Хозяин и слуги стали на его сторону, но Раготен объяснил им, как невеждам, что при серенадах того, что случилось, не водится, и, сказав это, ушел, гордый своим ухаживаньем. Музыкант взвалил орган на спину служанке кастрата и пошел домой в весьма плохом настроении, со столом на плече и в сопровождении мальчика-певчего, несшего две подставки. Гостиницу заперли, и Дестен пожелал доброй ночи комедианткам, отложив окончание своей истории до первого случая.
ГЛАВА ШЕСТНАДЦАТАЯ
Открытие театра и другие не менее важные вещи
На следующий день комедианты собрались утром в одну из занимаемых ими в гостинице комнат репетировать комедию, какую они должны были представлять после обеда. Ранкюн, которому Раготен уже поведал о серенаде и который притворился, что с трудом этому верит, предупредил своих товарищей, что человечек не преминет скоро притти собирать похвалы за свое изысканное ухаживание, и прибавил, что всякий раз, как об этом захочет говорить, чтобы его не допускали до этого насмешками. В это самое время в комнату вошел Раготен и, отдав общий поклон комедианткам, хотел говорить о серенаде с мадемуазель Этуаль, которая стала для него теперь блуждающей звездой,[167] потому что она, не отвечая ему, перешла на другое место тотчас же, как он спросил ее, в каком часу она легла спать и как она провела ночь. Он оставил ее для мадемуазель Анжелики, но та, вместо того чтобы говорить с ним, учила свою роль. Он обратился к Каверн, но она даже не взглянула на него. Все комедианты один за другим точно следовали указанию Ранкюна и не отвечали на то, что им говорил Раготен, или меняли разговор всякий раз, как только он хотел заговорить о прошедшей ночи. Наконец, мучимый тщеславием и не имея возможности более томиться за свою репутацию, он сказал громко всем присутствующим:
— Хотите, чтобы я вам признался?
— Как вам угодно, — ответил кто-то.
— Это я, — продолжал он, — дал вам ночью серенаду.
— Разве тут их дают с органами? — спросил Дестен. — Да и для кого вы ее давали? Не для той ли красавицы, — продолжал он, — из-за которой перегрызлось столько почтенных собак?
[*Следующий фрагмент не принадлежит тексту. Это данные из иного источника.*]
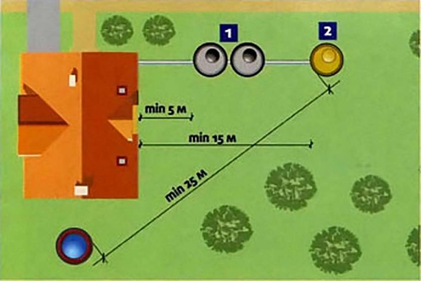 Существует множество требований по расстоянию от канализационных колодцев и септиков до других объектов
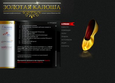 Как бы то ни было, учредитель премии, при спонсорской поддержке достаточно известных фирм, таких как Acronis, Aflex Software, SoftLine International и Sarkor Telecom, развил бурную деятельность. Был запущен сайт с весьма неблагозвучным именем , неудобной навигацией (во фреймах) и напрягающим дизайном (огромная блестящая калоша на черном фоне). Кстати, на главной странице сайта достаточно долго красовалось надпись «Золотая Галоша», потом оно таки было исправлено. На этом сайте была вывешена некоторая информация о премии, в том числе список номинаций и сроки проведения мероприятия.
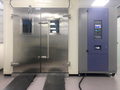 步入式恒温恒湿房为业界提供大型零件、半成品、成品的温湿度换将测试,如:计算机终端机、汽车零组件。恒温恒湿主要由控制面板、配电盘、保温库板、送风机、加热器、加湿器、冷冻机组合而成,主要规格可区分为6种标准室内尺寸及24种不同条件测试规范。

— В этом нечего и сомневаться, — сказал Олив; — иначе кусающиеся от природы твари не возмутились бы столь гармонической музыкой, если бы не были соперниками и не ревновали господина Раготена.
Другой из компании сказал, что нет сомненья, что он не в плохих отношениях со своей возлюбленной и любит ее, имея добрые намерения, ибо делает это столь открыто. Наконец они все вместе вывели Раготена из терпения, насмехаясь над серенадой, кроме Ранкюна, который смилостивился над ним, потому что имел честь удостоиться его доверия; и, повидимому, эти прекрасные насмешки по поводу собак окончили бы все, кто был в комнате, если бы поэт, который в своем роде был столь же глуп и столь же тщеславен, как и Раготен, и который из всего извлекал материал для удовлетворения своего тщеславия, не прервал тему, сказав тоном важного человека или, скорее, резонера:
— По поводу серенады мне вспомнилось, что во время моей свадьбы мне давали ее целых две недели, больше чем на ста различных инструментах. Она гремела по всей округе; самые красивые дамы Королевской площади[168] приняли ее на свой счет; множество волокит гордилось ею, и она вызвала такую зависть одного знатного господина, что он приказал своим людям напасть на тех, кто ее мне давал. Но он ошибся в своих расчетах, потому что они были все с моей родины, самые храбрые люди в свете, и большая часть из них была офицерами в полку, который я поднимал на ноги, когда общины нашего округа бунтовали.[169]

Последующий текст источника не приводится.